DESCRIPTION (provided by applicant): Modulation of inflammation and adaptive immunity by a progesterone receptor Female sex steroids like progesterone (Pg) are powerful modulators of the immune system. High Pg states, such as pregnancy, are associated with remission of common autoimmune diseases like rheumatoid arthritis, and suppression of T helper type 1 (Th1) responses - effects recapitulated in animal models after Pg treatment. Increased Th1-related cytokines are associated with pre-term birth, a major cause of morbidity and mortality; Pg supplementation is used successfully to prevent it. Pregnancy and Pg treatment in animals leads to altered immunoglobulin levels and antibody responses to immunization. Women using injectable Pg contraception are at significantly increased risk of HIV infection; and this form of birth control is used by an estimated 50 million women, increasingly in Sub-Sahara Africa where HIV is epidemic. Nevertheless, the cellular and molecular targets of Pg immunomodulation in vivo are largely unknown. Immune cells express at least 2 Pg receptor types: intracellular Pg receptors (iPRs) and recently discovered membrane PRs (mPRs). Natural and synthetic progestins bind with variable affinities to these 2 receptors. iPRs are well characterized in reproductive tissues, but their immune functions in vivo remain unexplored. Here, we propose to clarify cellular and molecular targets of Pg immunomodulation in vivo by assessing how loss of iPRs in CD4+ T cells, B cell or dendritic cells impacts inflammation and adaptive immune responses before and after Pg treatment. Comparing vehicle- vs. Pg-treatments within iPR+ mice will allow us to define Pg's effects in our system; comparing iPR+ vs. iPR- groups will allow us to determine which effects require iPRs, and in which cell types, and under what hormonal conditions they are operational. These experiments will clarify cellular and molecular mechanisms of Pg immunomodulation and reveal a framework for understanding important clinical phenomena impacting global health, women's health, maternal-fetal medicine and autoimmunity.

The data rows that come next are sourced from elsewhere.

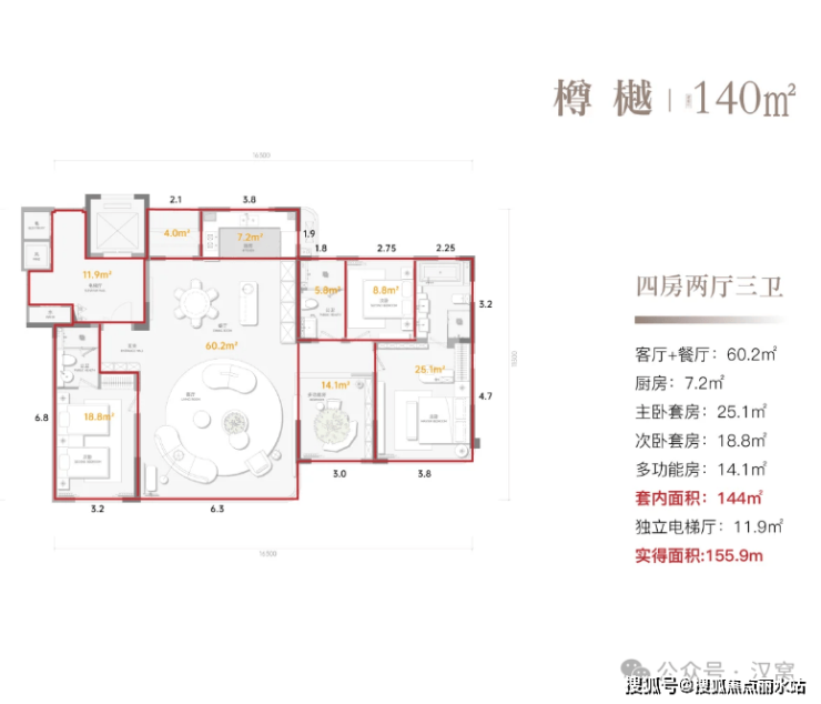 四开间朝南,南向开窗面超过16米,客厅开间约6米,连通餐厅一起,面积达50多平。
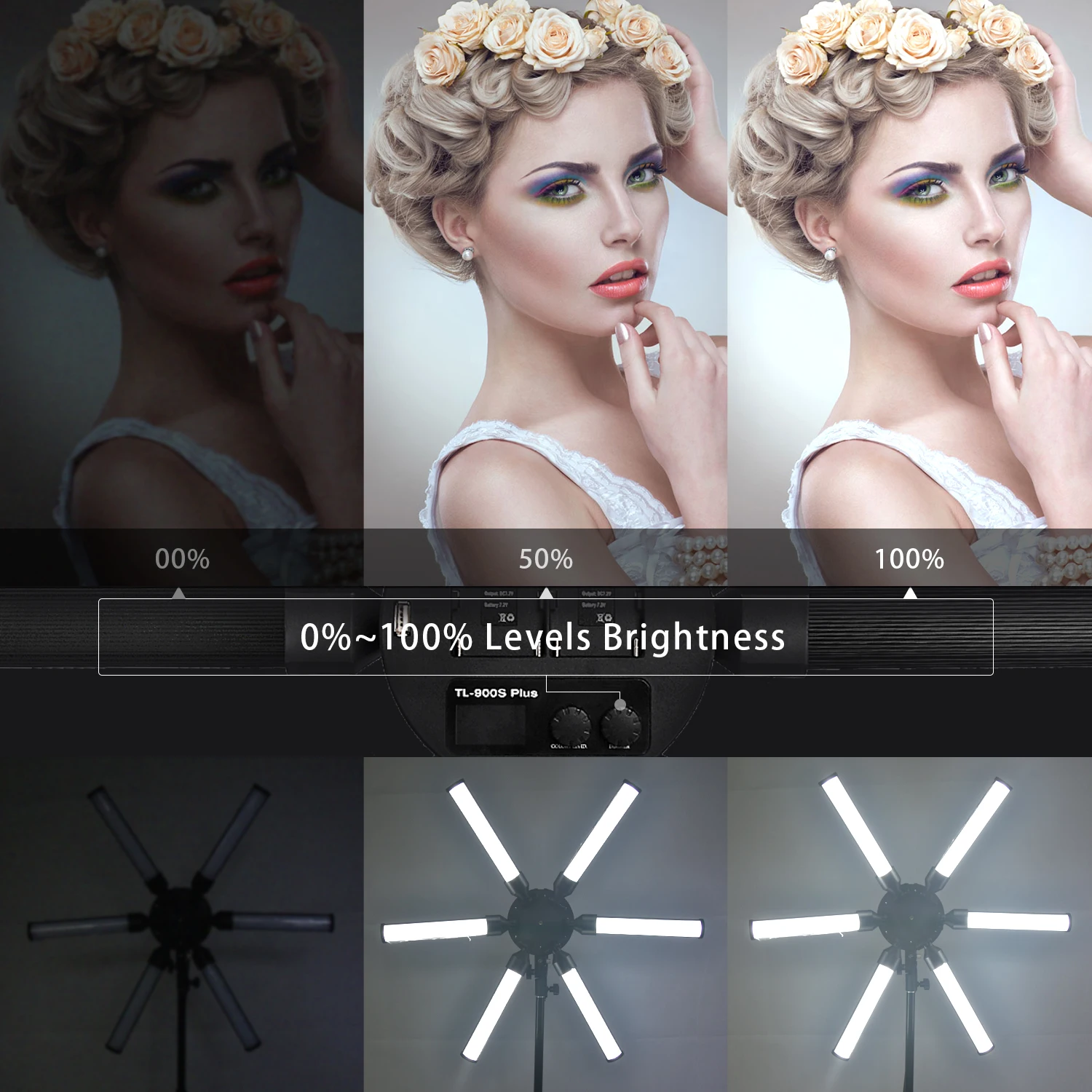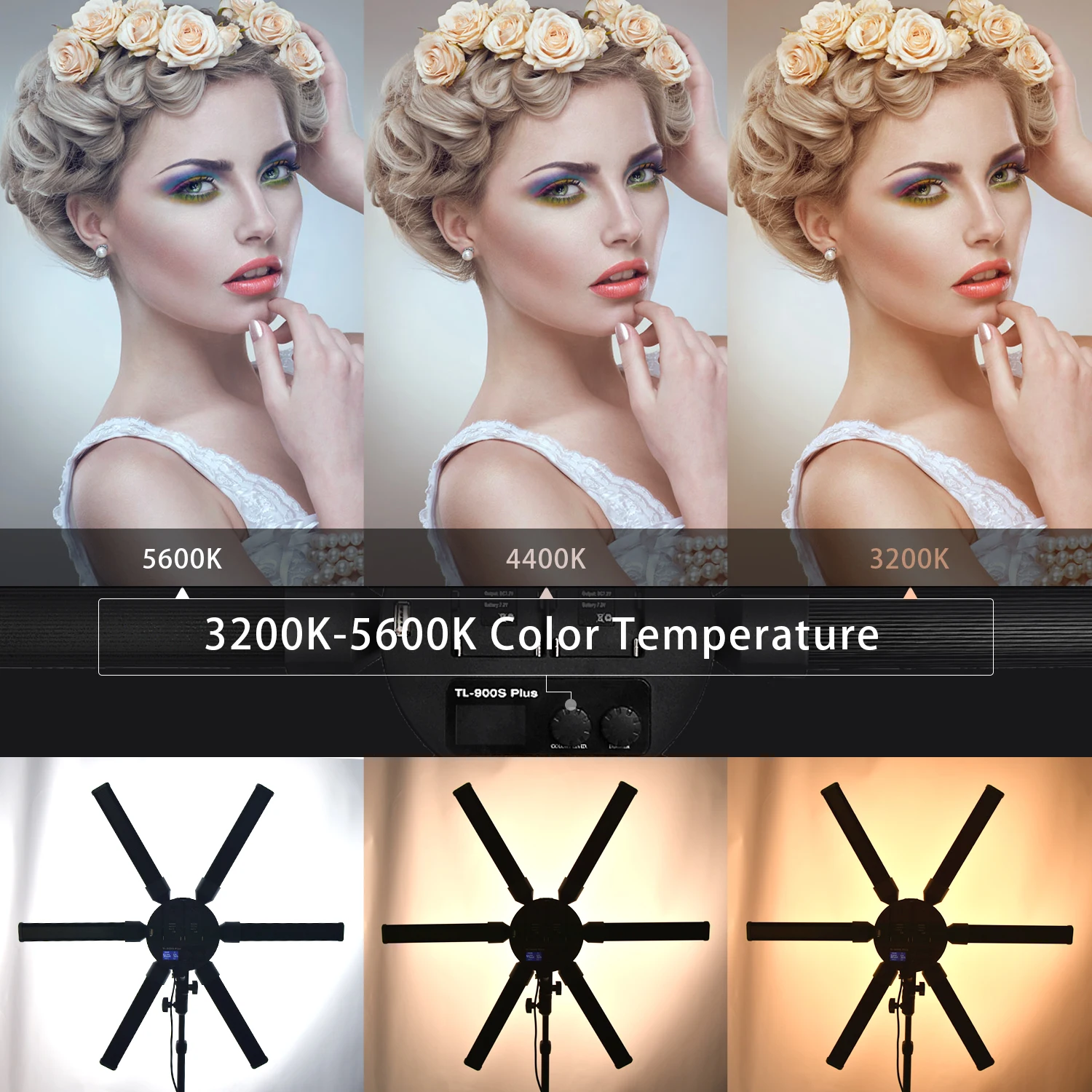 Цветовая температура от 3200 к до 5600 к, FT-900s plus star Лампа изготовлена из 2835 светодиодов SMD с индексом цветопередачи до 97, что делает изображения более реалистичными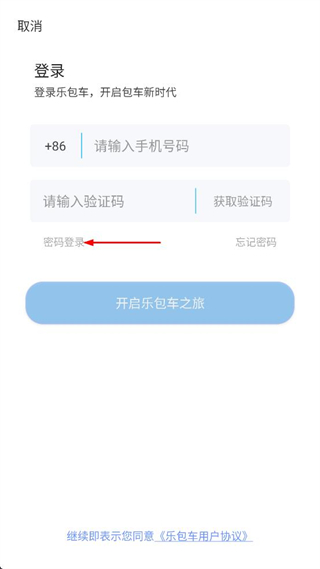 4、确认手机号码和密码已正确输入后,点击开启乐包车之旅按钮完成登录。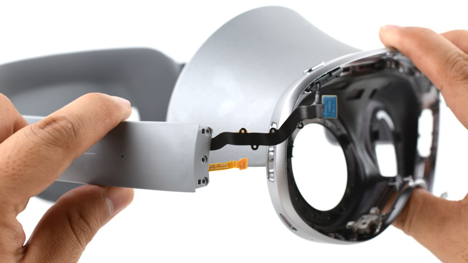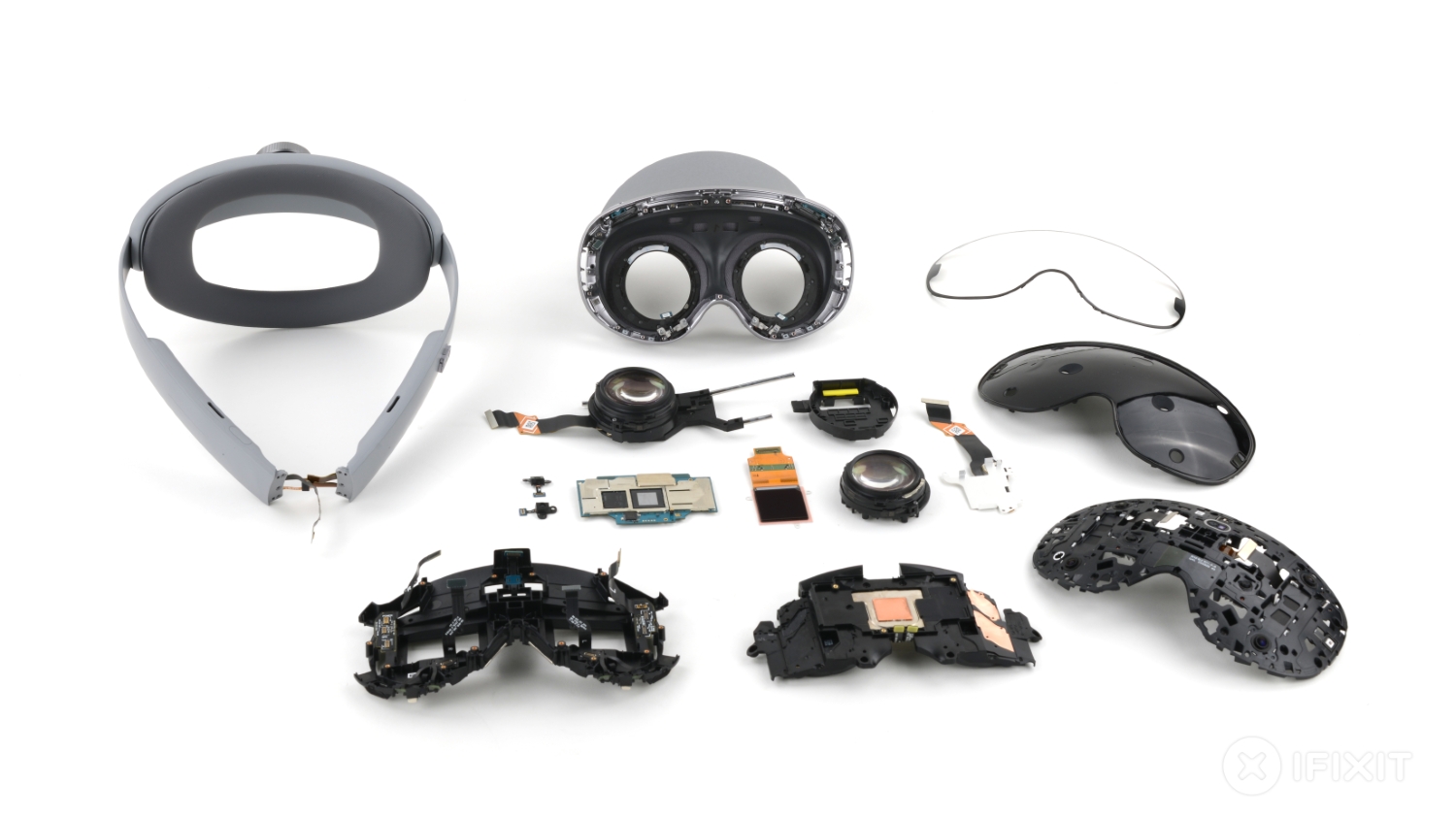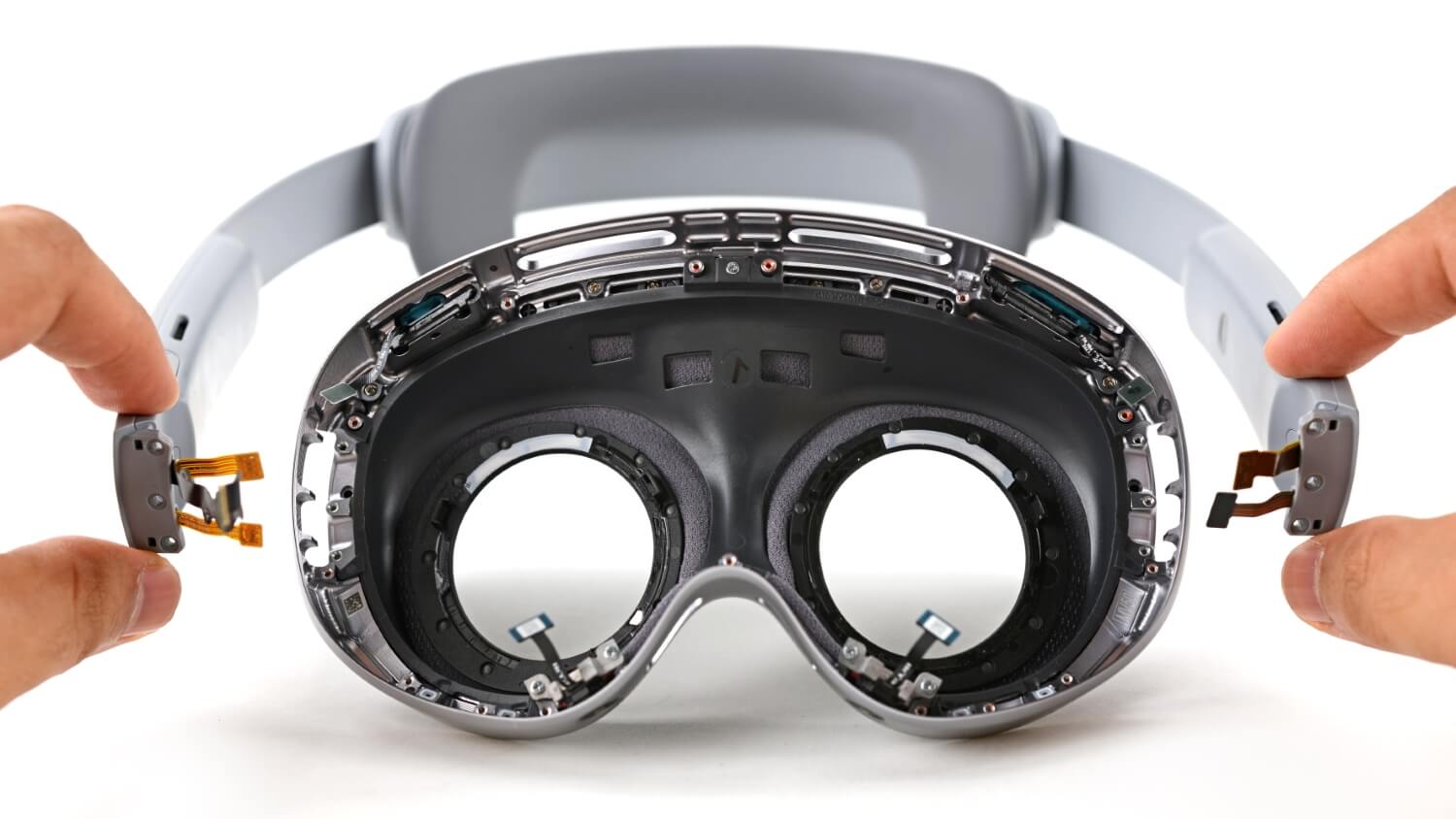 Можно снять весь блок и получить доступ к основной электронике, не снимая каждый компонент. Это важно, потому что в очках материнская плата часто скрыта под лабиринтом крошечных плат, хрупких гибких кабелей и структурных элементов, которые, кажется, собирают в порядке, обратном логике ремонта.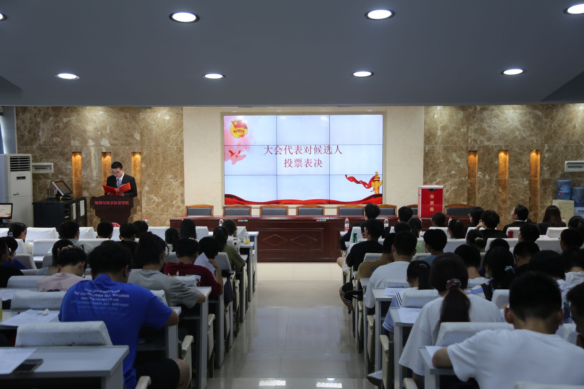 院团委员工副书记颜明伟、员工会主席团成员向婷、学社管主任汤子涵、青传主任戴一鸣和团委青发部部长尹德莉依次上台作2022-2023年度院团委、员工会、学社管、青传和提案工作报告,代表们对所有报告进行了投票表决。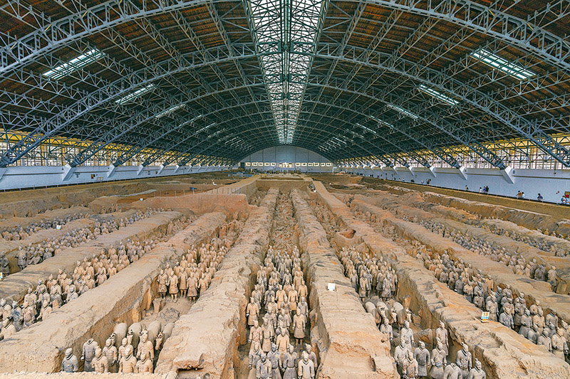秦始皇陵是中國歷史上第一個多民族的中央集權(quán)國家的皇帝秦始皇于公元前246年至公元前208年營建的。作為秦始皇陵陪葬墓坑之一的兵馬俑坑于1974年被發(fā)現(xiàn),被譽為“世界第八大奇跡”。圖為秦始皇兵馬俑博物館一號坑全景?!∪嗣駡D片 丁俊豪/攝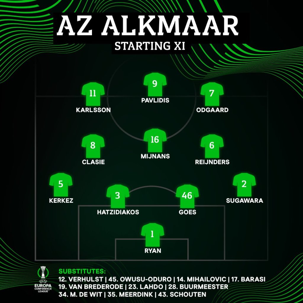 ΑΛΚΜΑΑΡ: Ράιαν, Σουγκαβάρα, Χατζηδιάκος, Γκους, Κερκέζ, Ράιντερς, Κλασί, Μάινανς, Κάρλσον, Όντγκααρντ, Παυλίδης.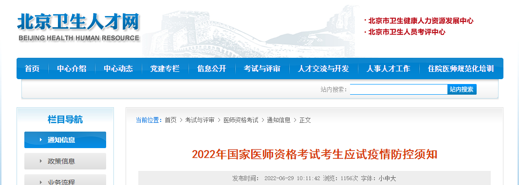 北京考區(qū)2022年國家中西醫(yī)執(zhí)業(yè)醫(yī)師資格考試考生應試疫情防控須知

描述(由申请人提供)：孕激素受体对炎症和适应性免疫的调节作用女性性激素，如孕酮(PG)是免疫系统的强大调节剂。高PG状态，如怀孕，与类风湿性关节炎等常见自身免疫性疾病的缓解和T辅助1型(Th1)反应的抑制有关-在PG治疗后的动物模型中总结了这些效应。Th1相关细胞因子的增加与早产有关，早产是发病率和死亡率的主要原因；补充PG成功地预防了早产。怀孕和对动物进行PG治疗会导致免疫球蛋白水平和免疫抗体反应的改变。使用注射前列腺素避孕药的妇女感染艾滋病毒的风险大大增加；估计有5000万妇女使用这种形式的节育措施，在艾滋病毒流行的撒哈拉以南非洲地区越来越多。然而，PG在体内的免疫调节的细胞和分子靶点很大程度上是未知的。免疫细胞至少表达两种PG受体类型：胞内PG受体(IPRs)和新近发现的膜PG受体(MPR)。天然和合成的孕激素与这两种受体的亲和力各不相同。IPRs在生殖组织中具有很好的特性，但其在体内的免疫功能仍未被研究。在这里，我们建议通过评估PG治疗前后CD4+T细胞、B细胞或树突状细胞中IPR的丢失对炎症和适应性免疫反应的影响来阐明PG免疫调节的细胞和分子靶点。在IPR+小鼠体内比较赋形剂和PG治疗将使我们能够定义PG在我们系统中的影响；比较IPR+和IPR-组将使我们能够确定哪些效果需要IPR，在哪些细胞类型中，以及在什么激素条件下它们是有效的。这些实验将阐明PG免疫调节的细胞和分子机制，并揭示一个框架，以了解影响全球健康、妇女健康、母婴医学和自身免疫的重要临床现象。